[Extracted data entries]

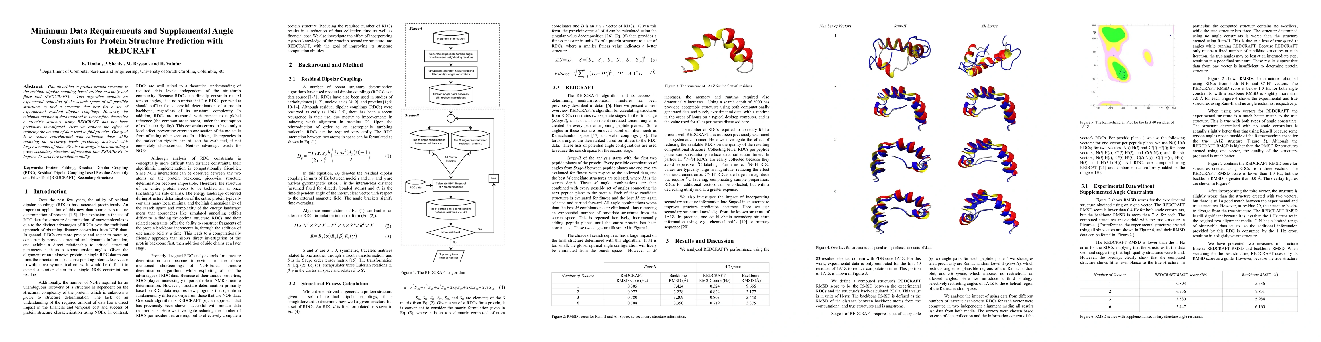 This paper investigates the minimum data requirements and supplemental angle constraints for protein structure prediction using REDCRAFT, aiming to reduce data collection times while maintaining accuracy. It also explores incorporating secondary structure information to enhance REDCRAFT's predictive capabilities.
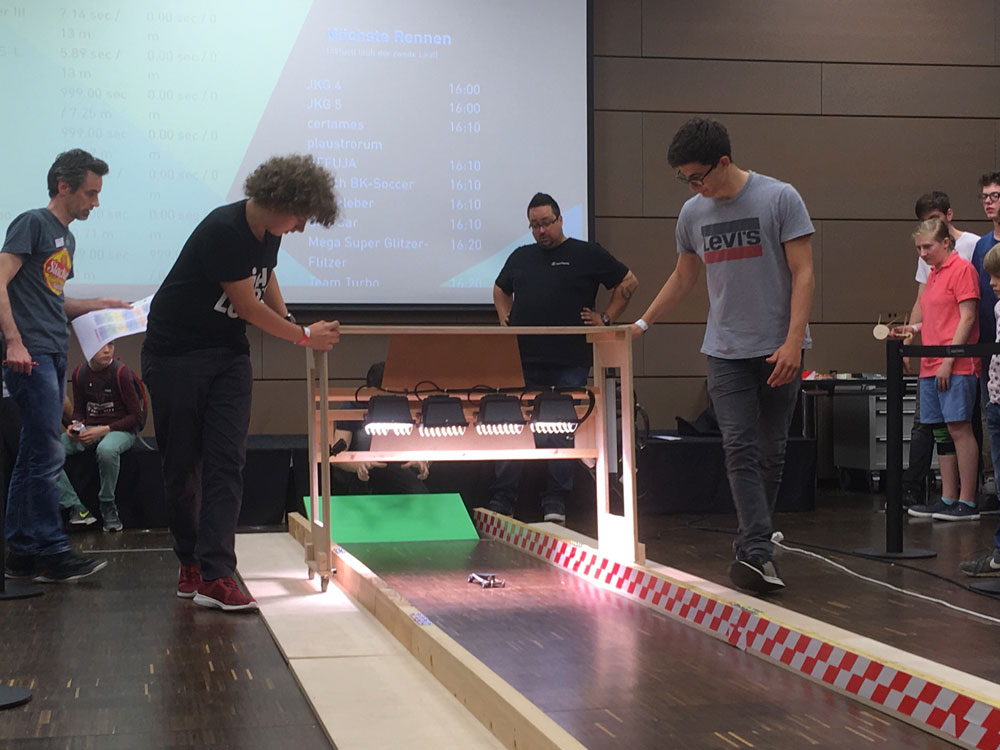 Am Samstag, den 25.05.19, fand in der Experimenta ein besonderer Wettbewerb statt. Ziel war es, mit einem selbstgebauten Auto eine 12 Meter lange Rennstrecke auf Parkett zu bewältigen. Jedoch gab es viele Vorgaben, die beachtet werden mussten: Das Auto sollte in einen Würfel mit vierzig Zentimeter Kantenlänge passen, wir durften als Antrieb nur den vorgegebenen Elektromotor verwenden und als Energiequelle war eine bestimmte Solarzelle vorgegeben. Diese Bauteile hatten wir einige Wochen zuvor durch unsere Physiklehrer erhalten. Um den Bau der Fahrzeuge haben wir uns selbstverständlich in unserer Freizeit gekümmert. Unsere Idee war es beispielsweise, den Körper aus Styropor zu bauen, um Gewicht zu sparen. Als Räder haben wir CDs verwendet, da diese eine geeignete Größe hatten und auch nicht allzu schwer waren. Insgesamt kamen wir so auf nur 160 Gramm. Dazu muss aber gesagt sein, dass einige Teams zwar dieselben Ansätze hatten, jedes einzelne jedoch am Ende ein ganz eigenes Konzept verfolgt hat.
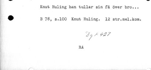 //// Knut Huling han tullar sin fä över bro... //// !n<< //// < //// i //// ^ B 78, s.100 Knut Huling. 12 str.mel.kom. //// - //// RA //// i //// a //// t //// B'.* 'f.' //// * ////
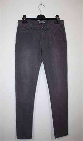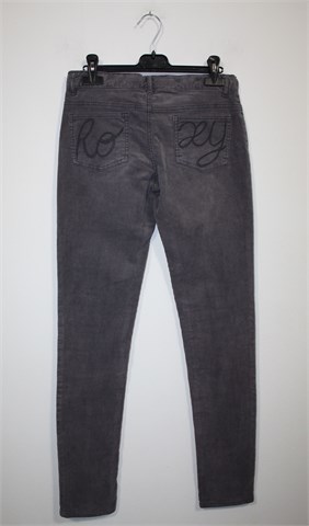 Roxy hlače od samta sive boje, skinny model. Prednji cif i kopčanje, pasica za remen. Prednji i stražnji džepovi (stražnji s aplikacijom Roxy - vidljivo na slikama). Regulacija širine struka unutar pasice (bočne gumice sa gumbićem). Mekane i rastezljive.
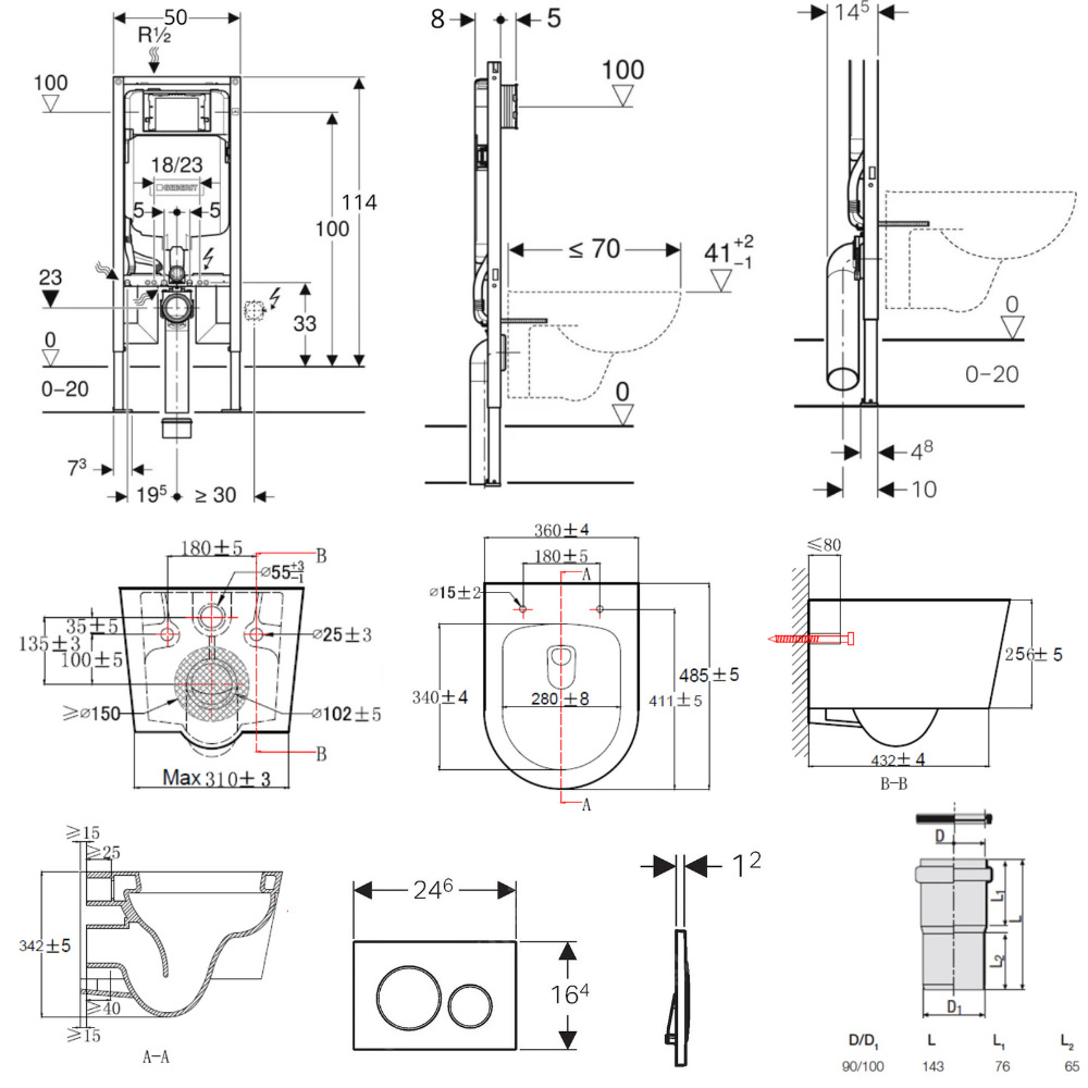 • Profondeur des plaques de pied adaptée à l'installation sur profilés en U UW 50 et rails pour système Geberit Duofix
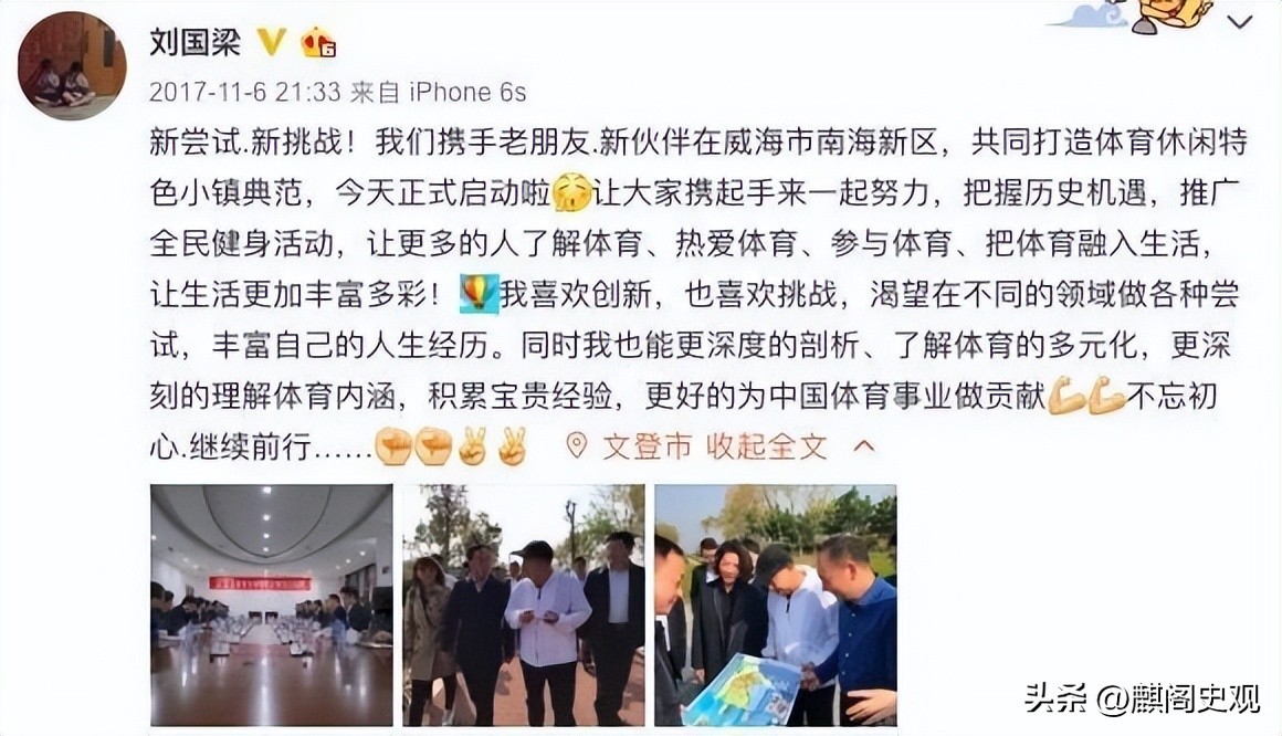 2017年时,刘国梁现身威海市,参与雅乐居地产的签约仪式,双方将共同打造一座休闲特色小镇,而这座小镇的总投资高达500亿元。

* * *

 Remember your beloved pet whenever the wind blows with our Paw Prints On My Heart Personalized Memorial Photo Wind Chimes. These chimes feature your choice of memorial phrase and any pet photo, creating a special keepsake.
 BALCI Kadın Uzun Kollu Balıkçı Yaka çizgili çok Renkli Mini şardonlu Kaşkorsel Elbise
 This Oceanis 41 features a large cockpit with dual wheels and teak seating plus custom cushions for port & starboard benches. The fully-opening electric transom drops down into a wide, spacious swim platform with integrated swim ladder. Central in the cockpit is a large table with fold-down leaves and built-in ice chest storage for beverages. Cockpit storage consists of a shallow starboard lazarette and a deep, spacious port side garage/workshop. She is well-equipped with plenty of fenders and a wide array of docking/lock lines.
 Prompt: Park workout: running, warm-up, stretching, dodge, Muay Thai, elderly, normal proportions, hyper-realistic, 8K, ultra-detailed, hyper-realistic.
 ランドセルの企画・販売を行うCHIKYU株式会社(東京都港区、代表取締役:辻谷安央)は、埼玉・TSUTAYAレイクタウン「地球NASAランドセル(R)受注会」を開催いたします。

* [WORK ITEM]: Wherever a line in the entries above holds "with", copy that line.

* [TASK OUTPUT]:
 Remember your beloved pet whenever the wind blows with our Paw Prints On My Heart Personalized Memorial Photo Wind Chimes. These chimes feature your choice of memorial phrase and any pet photo, creating a special keepsake.
 This Oceanis 41 features a large cockpit with dual wheels and teak seating plus custom cushions for port & starboard benches. The fully-opening electric transom drops down into a wide, spacious swim platform with integrated swim ladder. Central in the cockpit is a large table with fold-down leaves and built-in ice chest storage for beverages. Cockpit storage consists of a shallow starboard lazarette and a deep, spacious port side garage/workshop. She is well-equipped with plenty of fenders and a wide array of docking/lock lines.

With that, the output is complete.